[proofplan]
We compute the multiplicity of each Specht module $S^\lambda$ inside the induced module. [Frobenius reciprocity](/theorems/2449) identifies this multiplicity with the multiplicity of $S^\mu$ inside the restriction of $S^\lambda$ from $S_n$ to $S_{n-1}$. The [Young branching rule for restriction](/theorems/8443) then says that this multiplicity is exactly one when $\lambda$ is obtained from $\mu$ by adding one box and zero otherwise. Finally, Maschke semisimplicity in characteristic zero upgrades the multiplicity computation to the asserted direct-sum decomposition.
[/proofplan]
[step:Use semisimplicity to reduce the induced module to Specht multiplicities]
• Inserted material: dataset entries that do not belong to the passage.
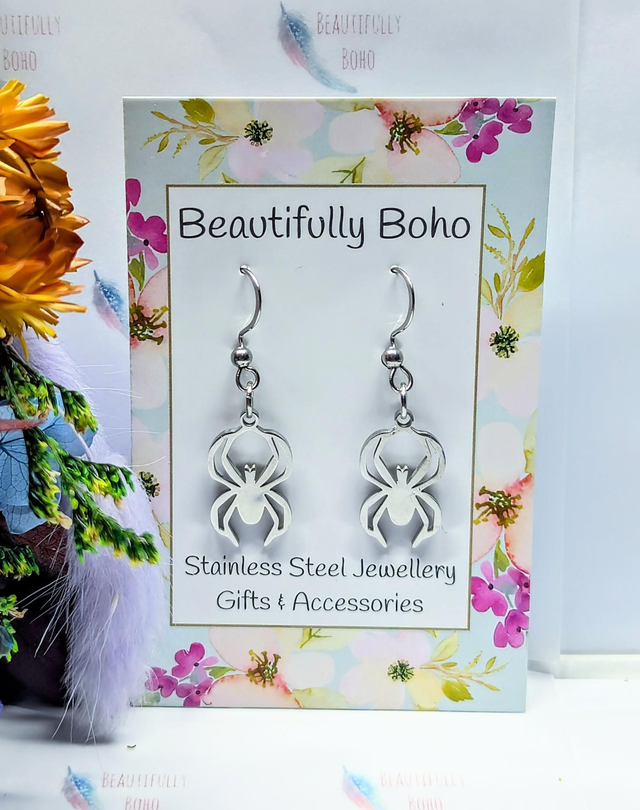 ▪️ Beautiful stainless steel dangle/drop Halloween themed Spider earrings.
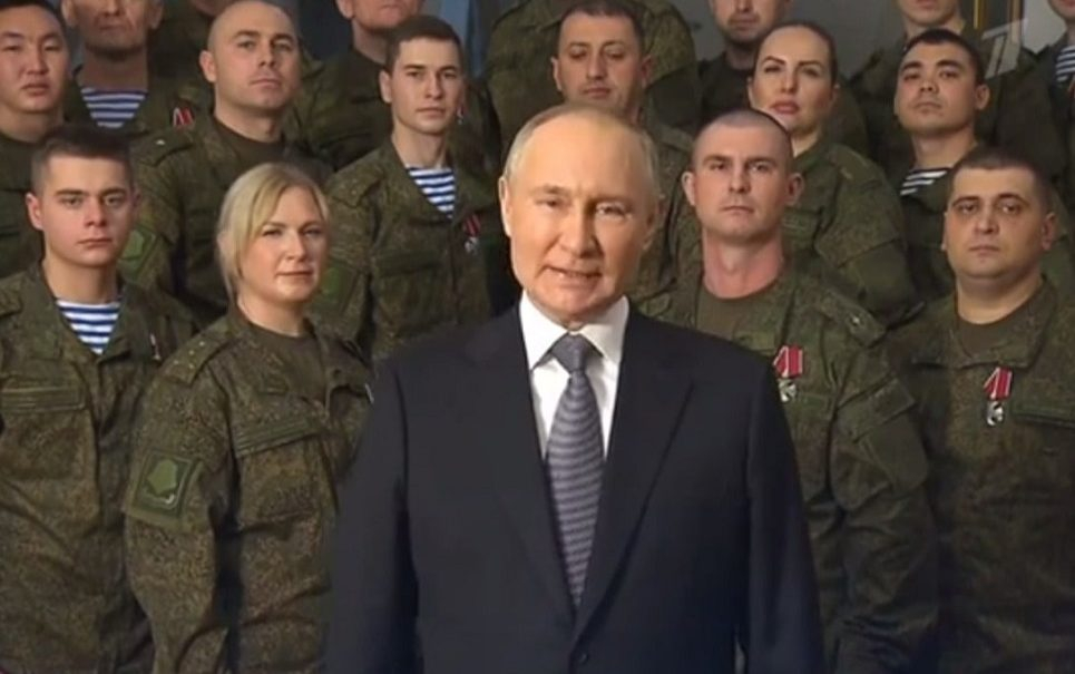 Во время новогоднего обращения за Президентом России Владимиром Путиным стояли военные, отличившиеся в ходе спецоперации и награжденные в этот день государственными наградами в штабе Южного военного округа.
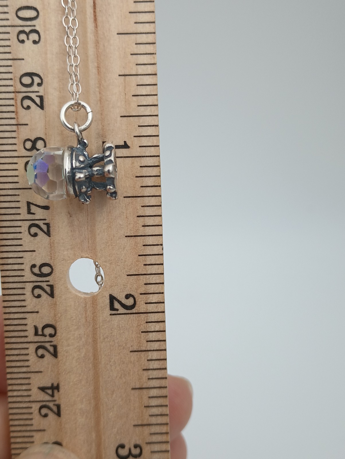 The product is a necklace with a charm style design, featuring a crystal ball. Made in USA this crystal ball comes with an 18" sterling silver chain. You can request a 24" chain. Please note; this crystal ball does change colors depending on the light.(this makes it very unique) Thank You for viewing!

Fix a partition $\mu \vdash n-1$. Define the induced $kS_n$-module $M := \operatorname{Ind}^{S_n}_{S_{n-1}} S^\mu$. Since $\operatorname{char}(k)=0$, the characteristic of $k$ does not divide $|S_n|=n!$. Hence, by [citetheorem:8439], the group algebra $kS_n$ is semisimple. Therefore $M$ decomposes as a finite direct sum of irreducible $kS_n$-modules.
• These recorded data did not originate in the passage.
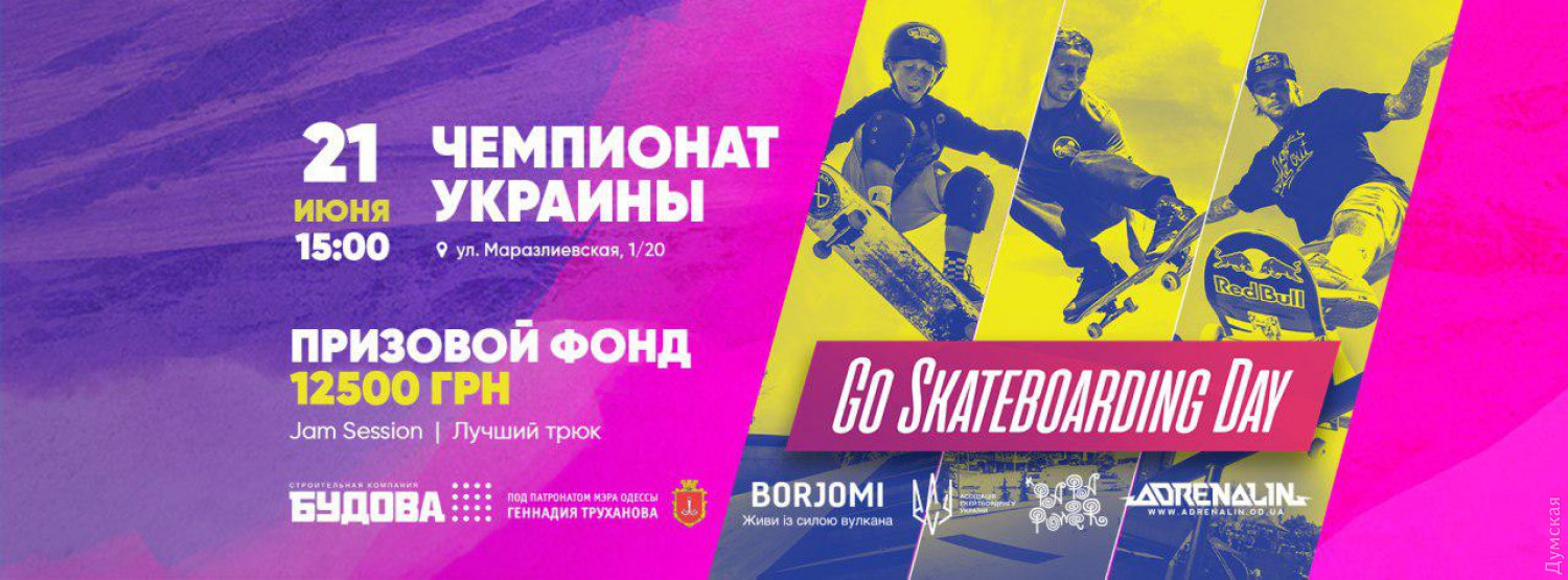 Чемпионат Украины по скейтбордингу в рамках празднования Go Skateboarding Day состоится 21 июня с 15:00 в Скейтпарке Одессы. Генеральным спонсором мероприятия выступила компания «Будова». Лучшие скейтбордисты будут соревноваться за призовой фонд 12 тысяч 500 гривен в двух дисциплинах: Jam Session — двухэтапные соревнования на лучший заезд (квалификация и финал) и Best Trick – соревнования на лучший трюк. Продемонстрировать свои технику и стиль спортсмены съедутся со всех уголков страны — им в помощь организован трансфер на Чемпионат из Киева на специальных автобусах. Наравне с профи в обоих зачетах могут принять участие все желающие, прошедшие предварительную регистрацию. Кроме того, в рамках праздника состоится проезд скейтбордистов колонной по центральным улицам города. Все желающие, не зависимо от уровня подготовки, собираются с 13:30 на Думской площади и стартуют в 14:00 по маршруту: ул. Пушкинская – ул. Дерибасовская – ул. Леха Качинского – перекресток ул.Качинского и Греческой, где они встретятся с ивент-каром RED BULL, далее – ул. Греческая – ул. Канатная – Сабанский переулок – ул. Маразлиевская, после чего участники проезда выедут на стадион Черноморец и прибудут в Скейтпарк Одессы на Маразлиевской, 1/20. Помимо спортивных соревнований и проезда колонны, празднование Go Skateboarding Day в Скейтпарке Одессы предусматривает обширную развлекательную программу с показательными выступлениями профессиональных скейтбордистов. Скейтпарк оборудуют для специальных активностей, в которых смогут принять участие все гости праздника: Слэклайн — практика балансирования, заключающаяся в хождении по специальным нейлоновым или полиэстеровым стропам, натянутым между стационарными объектами. Балансбординг — развивающий чувство равновесия, моторику и координацию движений вид спорта, суть которого состоит в том, чтобы максимально долго удерживать доску, не соприкасаясь с землей. Фингербординг — настольная разновидность скейтбординга, в которой фингерборд управляется двумя пальцами руки. Также здесь обустроят зону отдыха с мягкими пуфами и гамаками. Go Skateboarding Day отмечают с 2004 года. Его инициаторами выступили американские скейтбордисты, которые впервые провели такой день на Западном побережье США. В том же году Международная ассоциация скейтборд-компаний (International Association of Skateboard Companies, IASC), куда входят все крупнейшие компании, задействованные в скейтборд-индустрии, от брендов и журналов до мировых дистрибьютеров, объявила 21 июня Днем скейтбординга (Go Skateboarding Day). С тех пор ежегодно в этот день все скейтеры мира выходят на улицы для празднования и катания, а в ряде стран и городов к Go Skateboarding Day приурочивают соревнования различного уровня. Чемпионат Украины по скейтбордингу в Одессе — не исключение. Справка: Скейтпарк Одессы на Маразлиевской, 1/20 открылся в парке Шевченко в 2017-м году по инициативе одесского городского головы Геннадия Труханова. Скейтпарк Одесса пользуется популярностью не только у местных любителей и профессионалов экстремальных видов спорта, но и среди их единомышленников из других регионов Украины. При поддержке строительной компании «Будова» в парке ежедневно работают медицинский пункт и бесплатный прокат снаряжения, школа скейтбординга, BMX, роликов и самокатов для детей разных возрастов. СМЕРТЬ РОСІЙСЬКИМ ОКУПАНТАМ! Помітили помилку? Виді
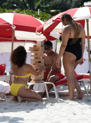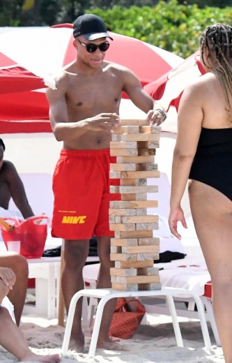 Kylian Mbappé usanzwe ukinira ikipe ya Paris Saint-Germain amaze iminsi ashyira amafoto hanze abinyujije ku mbuga nkoranyambaga ari wenyine gusa ku munsi w’ejo hashyizwe hanze amafoto ari kumwe n’inshuti ze z’abagore bambaye Bikini bakina umukino witwa ‘Jenga’.
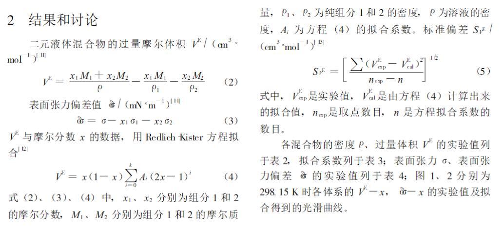式 (2)、 (3)、 (4)中, x1、 x2分別為組分1 和2的摩爾分數, M1、 M2分別為組分1 和2 的摩爾質量, ρ1、 ρ2為純組分1 和2 的密度, ρ為溶液的密度, Ai為方程 (4)的擬合系數。標準偏差 SVE(cm3·mol-1)[ 13]
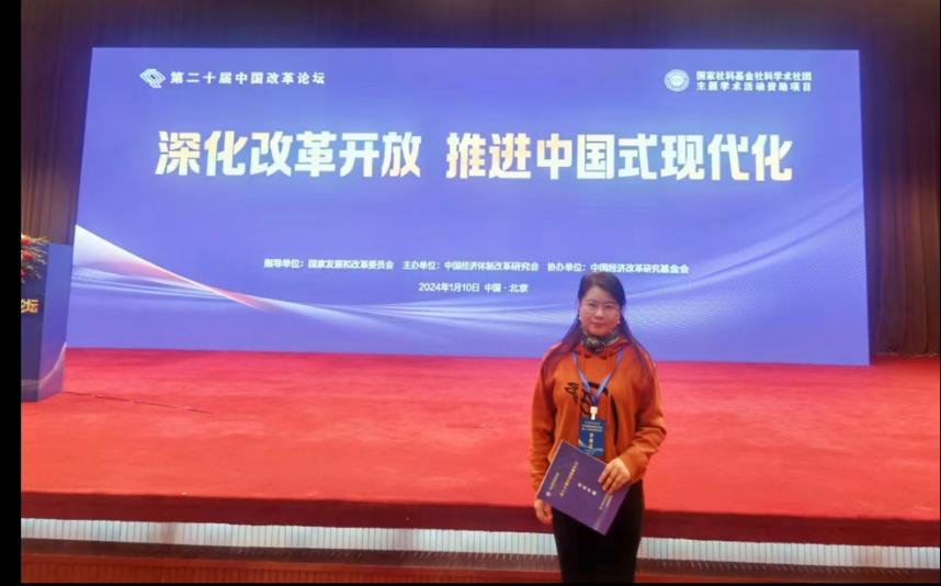 1月10日,由国家发展改革委指导、中国经济体制改革研究会主办的主题为“深化改革开放 推进中国式现代化”的第二十届中国改革论坛在北京举行,与会人员聚焦“深化改革开放,推进中国式现代化”展开深入探讨。我校经济管理学院教师黄莉副教授作为陕西省改革发展研究会的参会代表受邀参加了本次论坛。
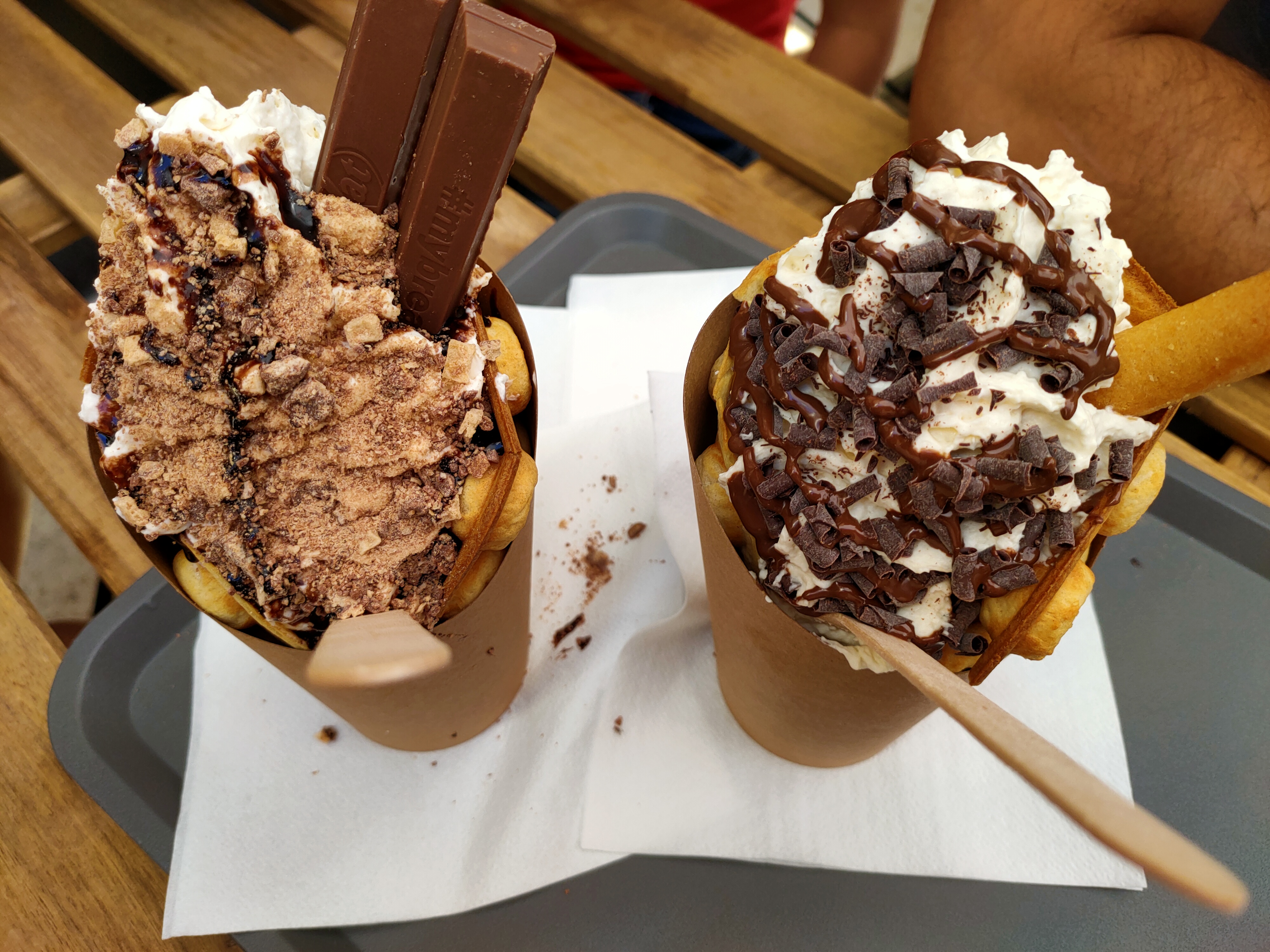 Ce qui nous a fait arrêter ce sont les bubble waffle (a partir de 6€50) ! Grand choix de glace, fruit, topping... Terrasse et salle.

Using the characteristic-zero Specht classification for symmetric groups, the irreducible $kS_n$-modules are precisely the Specht modules $S^\lambda$ with $\lambda \vdash n$. Thus there are uniquely determined nonnegative integers $m_\lambda$ such that $M$ is isomorphic to the direct sum, over all partitions $\lambda \vdash n$, of $(S^\lambda)^{\oplus m_\lambda}$. It remains to prove that $m_\lambda=1$ exactly when $\mu \nearrow \lambda$, and $m_\lambda=0$ otherwise.
[/step]
[step:Identify each multiplicity by Frobenius reciprocity]
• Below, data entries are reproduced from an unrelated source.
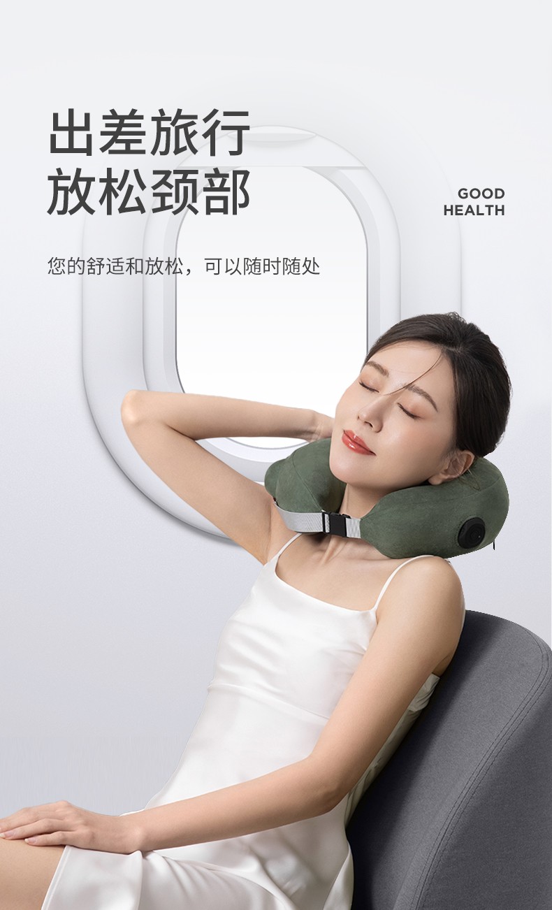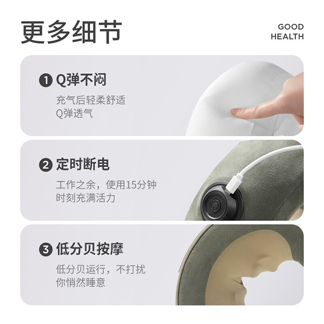左点充气C位枕颈部按摩枕ZD-JZ0101 2000mAH大容量电池
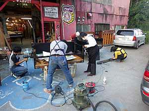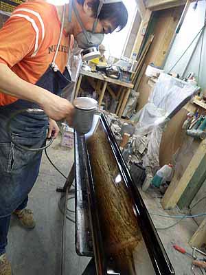 こちらは黒いピアノに木目を描くエイジングと言う作業だ
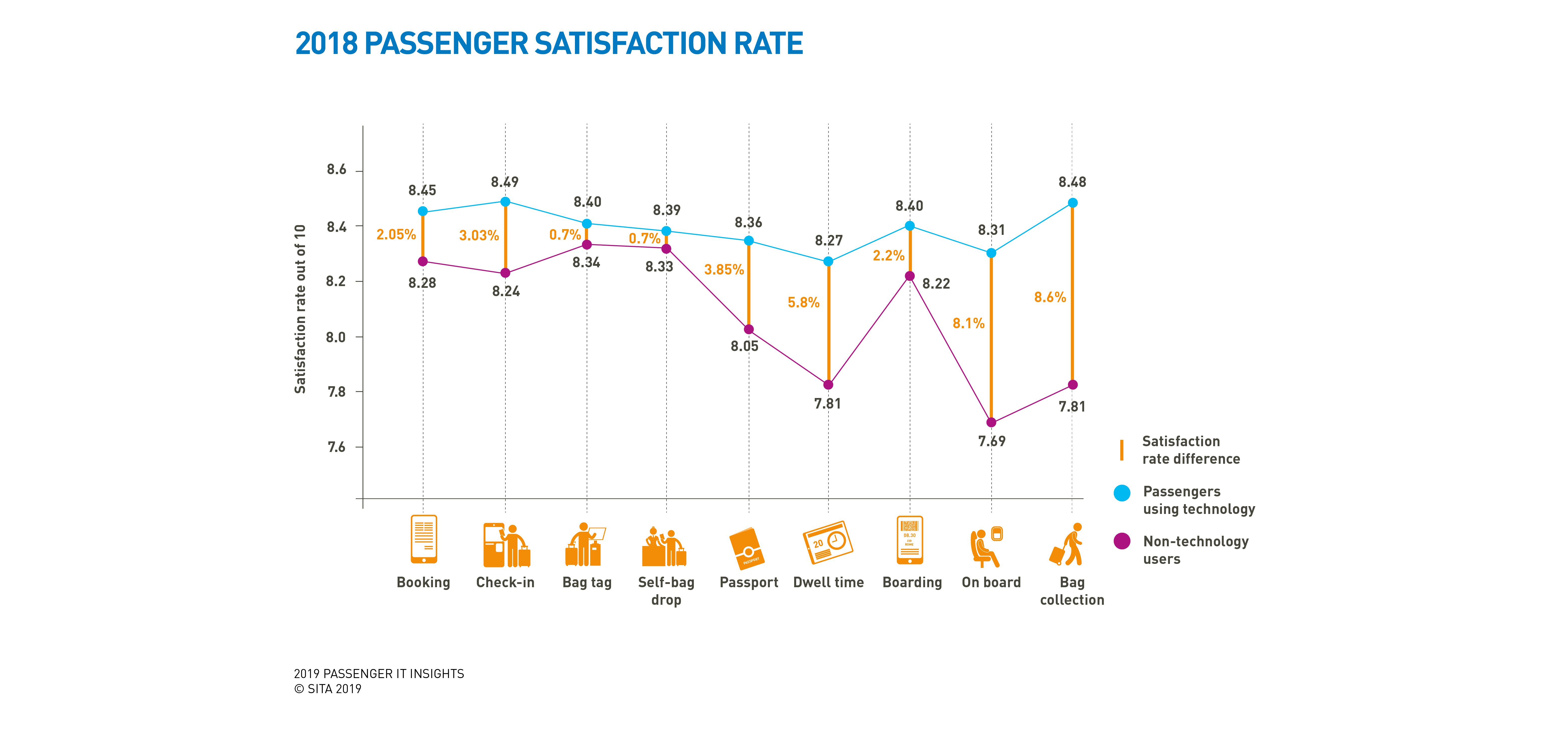 These mobile services have dramatically improved passenger satisfaction levels. In 2018, those travelers who used their mobile to receive updates at baggage collection were 8.6% more satisfied than those who relied on traditional voice announcements or flight information screens for information. In fact, those who relied on traditional voice or screen announcements for updates ranked baggage collection as one of the lowest points in their journey while those receiving mobile updates perceived this step as one where they were most satisfied.

Let $\lambda \vdash n$. Since Specht modules are absolutely irreducible over characteristic zero, the multiplicity $m_\lambda$ of $S^\lambda$ in $M$ is
\begin{align*}
m_\lambda = \dim_k \operatorname{Hom}_{kS_n}(M,S^\lambda).
\end{align*}
Apply Frobenius reciprocity for finite groups to the standard inclusion $S_{n-1}\le S_n$, the $kS_{n-1}$-module $S^\mu$, and the $kS_n$-module $S^\lambda$. This gives a natural $k$-linear isomorphism
\begin{align*}
\operatorname{Hom}_{kS_n}(\operatorname{Ind}^{S_n}_{S_{n-1}}S^\mu,S^\lambda) \cong \operatorname{Hom}_{kS_{n-1}}(S^\mu,\operatorname{Res}^{S_n}_{S_{n-1}}S^\lambda).
\end{align*}
Therefore
\begin{align*}
m_\lambda = \dim_k \operatorname{Hom}_{kS_{n-1}}(S^\mu,\operatorname{Res}^{S_n}_{S_{n-1}}S^\lambda).
\end{align*}
[guided]
The induced module is a module for the larger group $S_n$, but the known branching rule describes what happens when a Specht module for $S_n$ is restricted to $S_{n-1}$. Frobenius reciprocity is exactly the bridge between these two directions.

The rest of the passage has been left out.